Going back to our example of predicting people's earnings, years of experience may have a standardized regression coefficient (β) of .40. This finding would tell us that, for each increment of one SD of years experience, projected earnings would increase by .40 SD's of income.

To recap to this point:

Unstandardized relationships say that for a one-raw-unit increment on a predictor, the outcome variable increases (or if B is negative, decreases) by a number of its raw units corresponding to what the B coefficient is.

Standardized relationships say that for a one-standard deviation increment on a predictor, the outcome variable increases (or decreases) by some number of SD's corresponding to what the β coefficient is.

When should you use the unstandardized solution and when should you use the standardized one? My own view is as follows: If the raw units are generally familiar (e.g., years, dollars, inches, miles, pounds), I'd go with the unstandardized solution. However, if the variables' raw units are not well-known in everyday usage (e.g., on a marital-satisfaction inventory with a maximum score of 50, what does one point really convey?), then I'd use the standardized solution.

This framework for unstandardized and standardardized solutions applies not only to multiple regression, but also to path analysis and SEM. What is not widely known is that the Pearson r, itself, is a statistic based on standardized variables. The correlation has an unstandardized "cousin," the covariance. The formula for converting between correlations and covariances, which is pretty simple, is shown in this document.

Update (1/19/07): Discussion during our previous class brought out an additional point that I didn't mention in my above write-up (thanks to Kristina).

Within the same regression equation, the different predictor variables' unstandardized B coefficients are not directly comparable to each other, because the raw units for each are (usually) different. In other words, the largest B coefficient will not necessarily be the most significant, as it must be judged in connection with its standard error (B/SE = t, which is used to test for statistical significance).

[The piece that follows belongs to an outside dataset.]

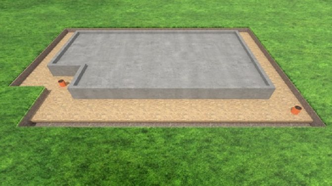 - пясък (15 см) се изсипва в изкоп, изкопан близо до основата;

On the other hand, with standardized analyses, all variables have been converted to a common metric, namely standard-deviation (z-score) units, so the β coefficients can meaningfully be compared in magnitude. In this case, whichever predictor variable has the largest β (in absolute value) can be said to have the most potent relationship to the dependent variable, and this predictor will also have the greatest significance (smallest p value).

Added 4/12/15: Phil Ender has a concise overview of key issues in multiple regression.

SEM Pyramid of Success

(Updated January 21, 2017)

What we'll be covering in the first few class sessions is how SEM represents a culmination of earlier statistical techniques, building from the very basic Pearson's correlation coefficient (r) on up through more elaborate techniques, finally ending at SEM.

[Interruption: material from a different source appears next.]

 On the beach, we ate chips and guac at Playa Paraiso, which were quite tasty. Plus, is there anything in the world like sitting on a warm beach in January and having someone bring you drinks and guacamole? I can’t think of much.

John Wooden, who coached men's basketball at UCLA from 1948-1975, winning 10 NCAA championships and garnering accolades for his broader teachings, developed a "Pyramid of Success," which is a guide not only for athletics, but for living a good all-around life.

I grew up a huge UCLA sports fan and went there for undergraduate college (1980-1984). Inspired as I was by Coach Wooden (who died in 2010, just a few months short of his 100th birthday), I created what I call the "Structural Equation Modeling Pyramid of Success," which is shown below.

As we'll see later in the course, as complex as some of our structural equation models can get, the results can always be traced back to simple Pearson correlations.